Image found via Google Images at https://img.rt.com/files/2017.01/original/588cfd87c4618899638b45e4.jpg

Update: Facebook is relicensing React, Jest, Flow, and Immutable.js to MIT

There has been large upset about Facebook’s BSD+Patents License this is mostly because the language isn’t very clear. Also, keep in mind that Netflix had their lawyers look at it and they feel there is no issue for them. With that said the License issue has been brought back up due to Apache Software Foundation Legal Affairs Committee announcing

https://issues.apache.org/jira/browse/LEGAL-303?focusedCommentId=16088663&page=com.atlassian.jira.plugin.system.issuetabpanels:comment-tabpanel#comment-16088663

That Facebook’s BSD+Patents License is no longer allowed to be used as a direct dependency in Apache projects. The reason for this is best described by this comment.

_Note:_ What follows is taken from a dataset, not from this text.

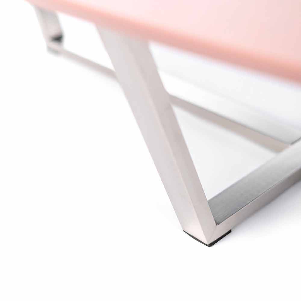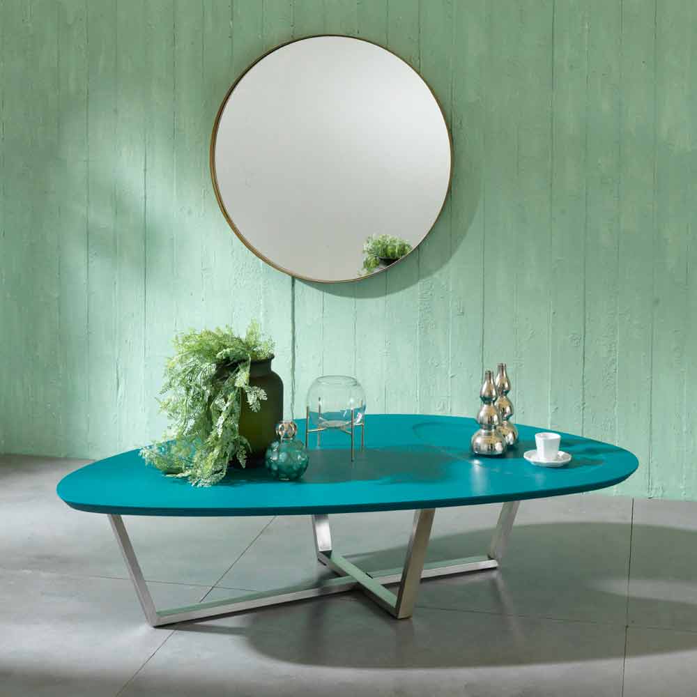 Tavolino da salotto sagomato di design moderno con piano in mdf e base in metallo cromato.

I’ll use WordPress as an example. If WordPress adopts React, which they are currently using to build the Gutenberg project which is the planned replacement for the main editor in WordPress, it could have consequences to the entire WordPress ecosystem of commercial WordPress products. Yes, many of these are small businesses. But, many of these have also been acquired by bigger businesses. If WordPress adopts React and that startups product is built on top of WordPress… those bigger businesses could back out of acquisitions because their legal team raises a red flag during due diligence over the React clause.

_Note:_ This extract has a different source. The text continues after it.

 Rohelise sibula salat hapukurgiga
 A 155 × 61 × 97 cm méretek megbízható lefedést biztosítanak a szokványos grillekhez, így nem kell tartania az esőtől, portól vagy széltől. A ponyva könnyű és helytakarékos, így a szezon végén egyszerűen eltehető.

comment-317143085317143085

If Facebook offers an online streaming service then maybe Netflix will change their stance on the License but right now they don’t see an issue. If you plan to start side-project/company/startup with Facebook’s tech:

from what I found that’s fine so long as you understand the License and have a migration plan if it becomes an issue. The only reason people are saying to “switch off React” is that you just avoid the situation because it’s an unnecessary risk. Here is an overly simplified breakdown that might help.

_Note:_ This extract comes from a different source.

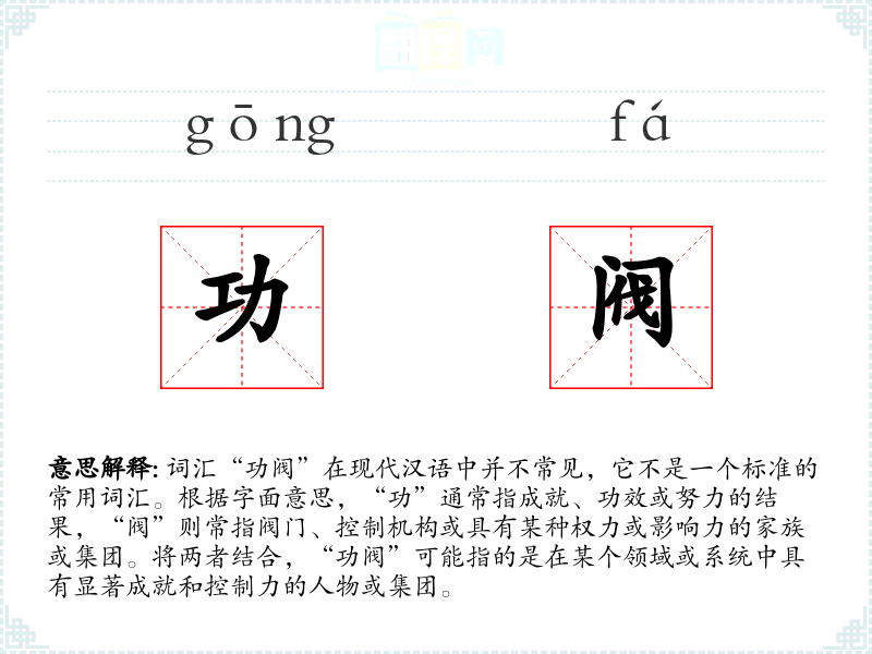 - 专业领域:在政治学、社会学或经济学等领域,可能会用“功阀”来形容那些在政策制定或资源分配中起关键作用的集团。

  • If you don’t plan to have any patents this is not an issue.
  • If you plan to get acquired by a company make sure they also are fine with the License or migrate before they do due diligence.
  • If you’re outside of the US then patent laws don’t even affect you unless you do business in the US.
  • If you do plan to sue Facebook for patent infringement make sure you migrate off of any Facebook’s tech before you do otherwise they can countersue.

Disclaimer

Again I’m not a lawyer and this is just what I found on twitter/articles/etc and the only way to know for sure if this affects your company is to ask your lawyer. Free feel to tweet me at @gdi2290 for more questions or anything else I should include in this article.

Open-source frameworks without a Patents License

Over 75+ popular Open Source projects (6000+ stars and above) from ~35 companies, and concluded that Facebook is an exception within the Open Source space. The only other company using the same license model is Palantir. Most frameworks are MIT which allows you to pretty much do anything you want.

Permission is hereby granted, free of charge, to any person obtaining a copy of this software and associated documentation files (the “Software”), to deal in the Software without restriction, including without limitation the rights to use, copy, modify, merge, publish, distribute, sublicense, and/or sell copies of the Software, and to permit persons to whom the Software is furnished to do so

https://opensource.org/licenses/MIT

Angular via MIT (and AngularJS via MIT)

Preact via MIT

Vue.js via MIT

Ember.js via MIT

Resources

Apache Software Foundation Legal Affairs Committee has announced that ‘Facebook BSD+Patents License’ can not be a direct dependency in Apache projects.

Github Issue created to ask React to change their license

Facebook explaining React’s license

Hacker New comment about Facebook’s explaining the license

Hacker News comment on Preact

Legal Notes: What’s the Deal with ReactJS’s Licensing Scheme?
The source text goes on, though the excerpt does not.